Hiring the qualification employees
To protect and secure the confidential information well, the organization should hiring the IT experts and employee that have the right qualification to protect the data. This is to ensure the employee know what to do if problem occurs and to protect the data as well. Besides that, the IT expert or the qualification staff have better understanding of information security and know the steps to ensure the information is always keeping safely.

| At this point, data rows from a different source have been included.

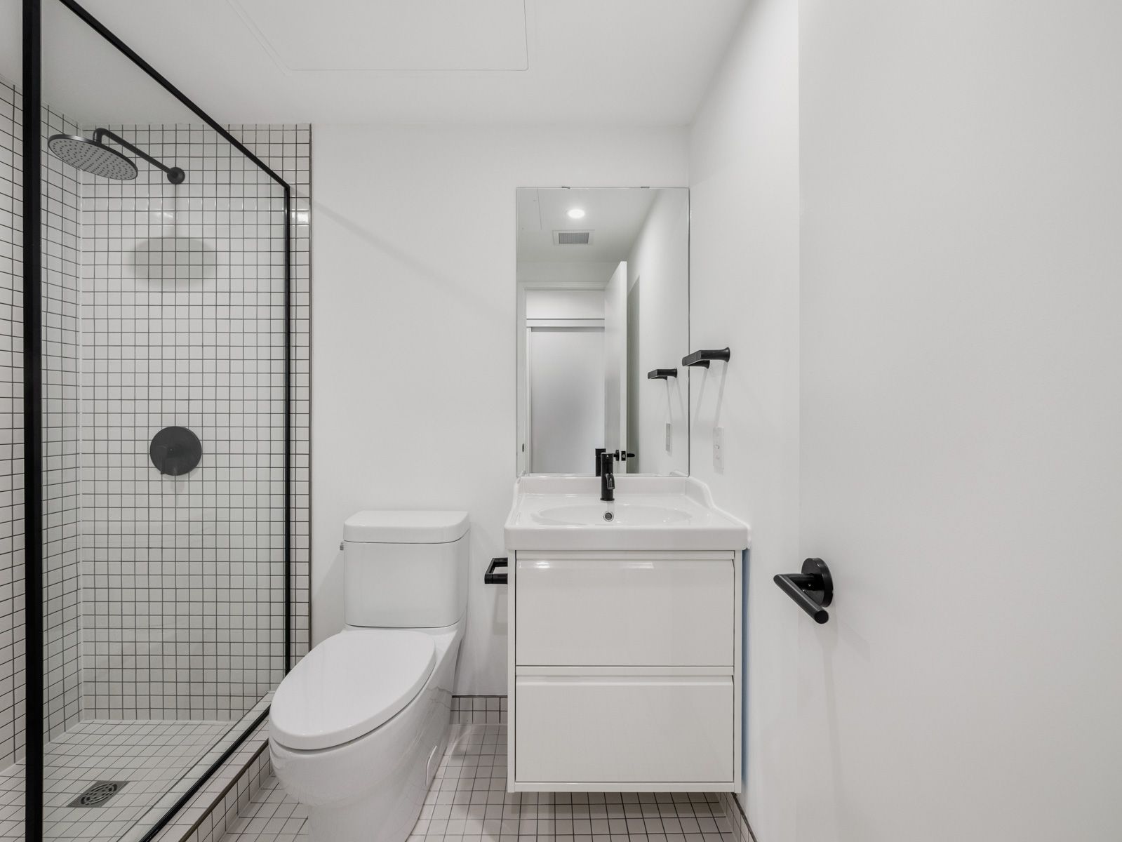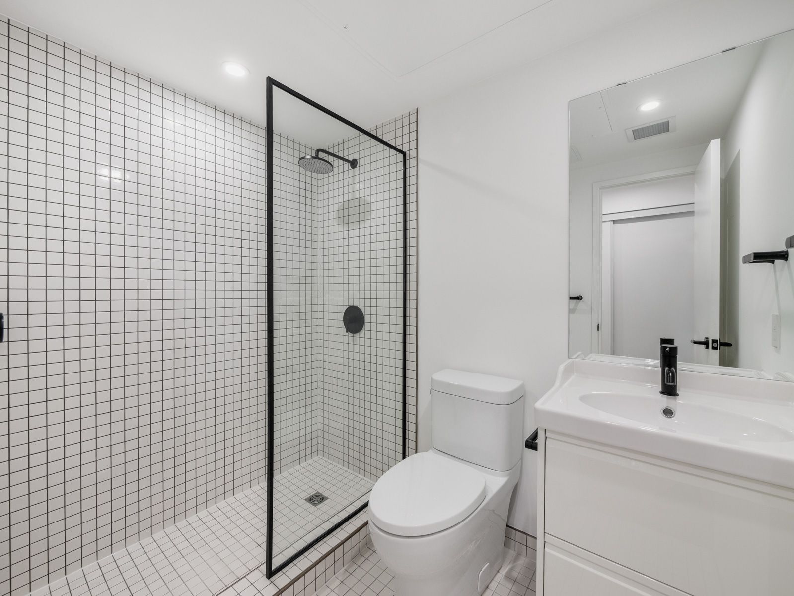 • Modern bathroom features custom tiled walk-in shower and ample storage.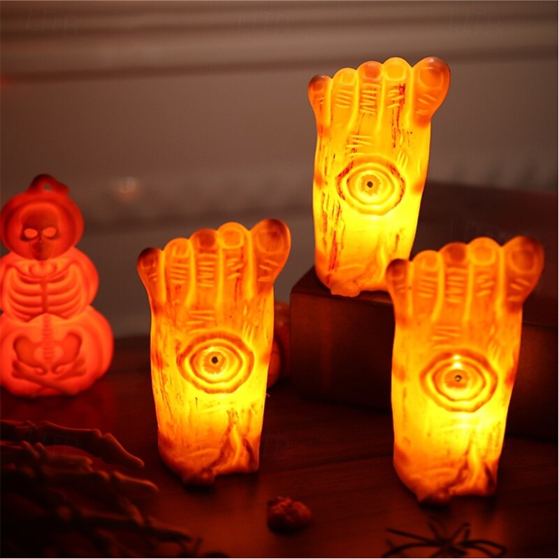 HOT ! 3 Pcs Halloween Candle Lights Broken Feet with Blood Eye LED Electronic Candle Light Indoor Restaurant Halloween Festival Party Horror Atmosphere Decorative Light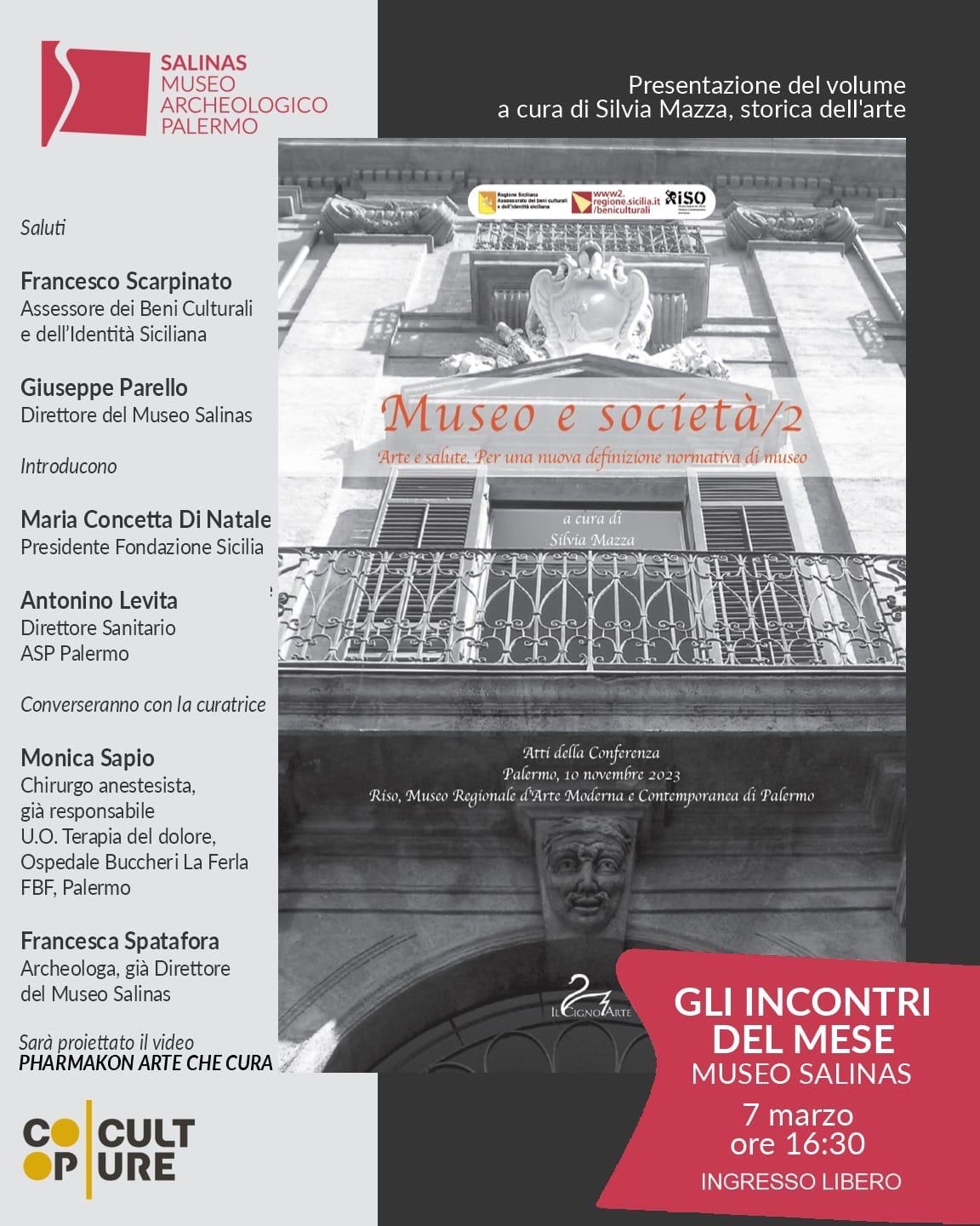 Venerdì 7 marzo, alle 16.30 il Museo Archeologico Salinas di Palermo ospita la presentazione del volume “Museo e società/2. Arte e salute“. Per una nuova definizione normativa di museo, a cura di Silvia Mazza, storica dell’arte, edito da Il Cigno Arte di Roma.

Information security is crucial in organization. All information stored in the organization should be kept secure. Information security will be defined as the protection of data from any threats of virus. The information security in important in the organization because it can protect the confidential information, enables the organization function, also enables the safe operation of application implemented on the organization’s Information Technology system, and information is an asset for an organization. Even thought the information is important in organization, there are several challenges to protect and manages the information as well. One of challenges faced in an organization is the lack of understanding on important of information security. When employees is lack of information security knowledge in term of keeping their information, the organization is easy to being attacks by hackers or another threats that try to stole or get the organization confidential information. So it is crucial and important to all staff in an organization to have knowledge and understanding about the importance information security practice in an organization to protect the confidential data.